= Tong Daning =

Chinese government official executed for espionage

Tong Daning (佟达宁; September 1950 – 23 March 2006) was a high-level government official in the People's Republic of China who was executed for espionage.

== Biography ==
=== Early life and economic reform work ===
Tong Daning was born in Beizhen, Liaoning, in September 1950. He was of Manchu ethnicity. He began working in January 1969 and joined the Chinese Communist Party (CCP) in April 1975. In 1984, Tong was appointed deputy director of the Comprehensive Planning and Pilot Project Department of the National Economic System Reform Commission. In 1993, he was promoted to the position of director of the Comprehensive Planning and Pilot Project Department.
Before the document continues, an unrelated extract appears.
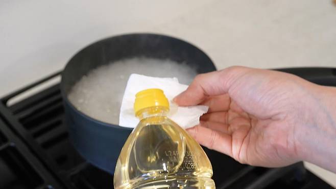 이제는 나무 국자가 아닌 식용유를 활용해 보세요. 먼저 키친타월에 식용유 적당량을 묻혀 주세요.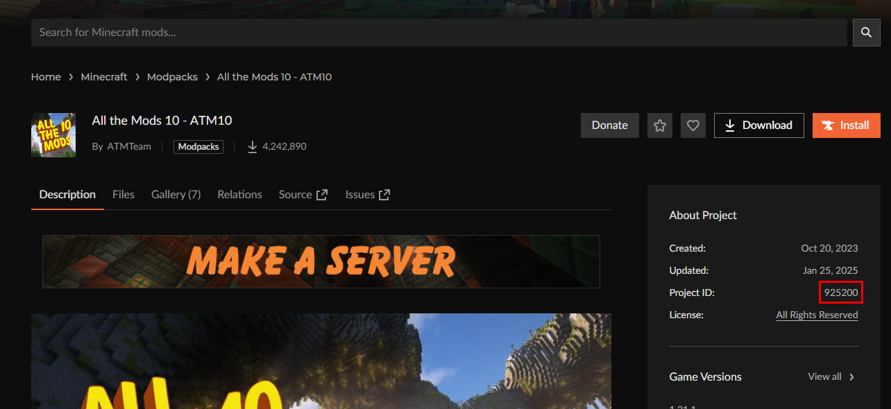 Đối với Modpack Project ID, ta sẽ thao tác như sau:

In 1998, Tong was transferred to the General Office of the National Economic System Reform Commission, where he served as its deputy director.

=== Social Security Fund ===
In June 2001, Tong left the National Economic System Reform Commission to become the deputy director of the Administrative Affairs department of the National Council for Social Security Fund (SSF). He was promoted to the position of director of the Administrative Affairs department in February 2003. In October of the same year, Tong was further promoted to the positions of the director of the General Office of the SSF and deputy secretary of the party committee of the SSF.

=== Espionage ===
On 21 February 2004, Tong was detained on suspicion of espionage. He was formally arrested on 26 March the same year. On 22 August 2005, the Beijing Second Intermediate People's Court found Tong guilty of espionage and stated that he had accepted the assignment of an agent of the Military Intelligence Bureau of Taiwan and had provided it with top-secret and confidential documents issued by the Central Committee, the State Council, and other top Chinese organizations. Tong reportedly received more than 210,000 US dollars as compensation for his work. He was sentenced to death, deprivation of political rights for life, and confiscation of all personal property. Tong appealed the decision, and on 30 November 2005, the Beijing High People's Court dismissed his appeal and upheld the original verdict. Tong was executed on 23 March 2006 and posthumously expelled from the CCP in April the same year.

=== Legacy ===
Tong was the most senior Chinese official to be executed for espionage since Major General Liu Liankun in 1999. His case was made into an anti-espionage video called "The Tong Daning Spy Case" (佟达宁间谍窃密案) to warn civil servants of the possible consequences of espionage.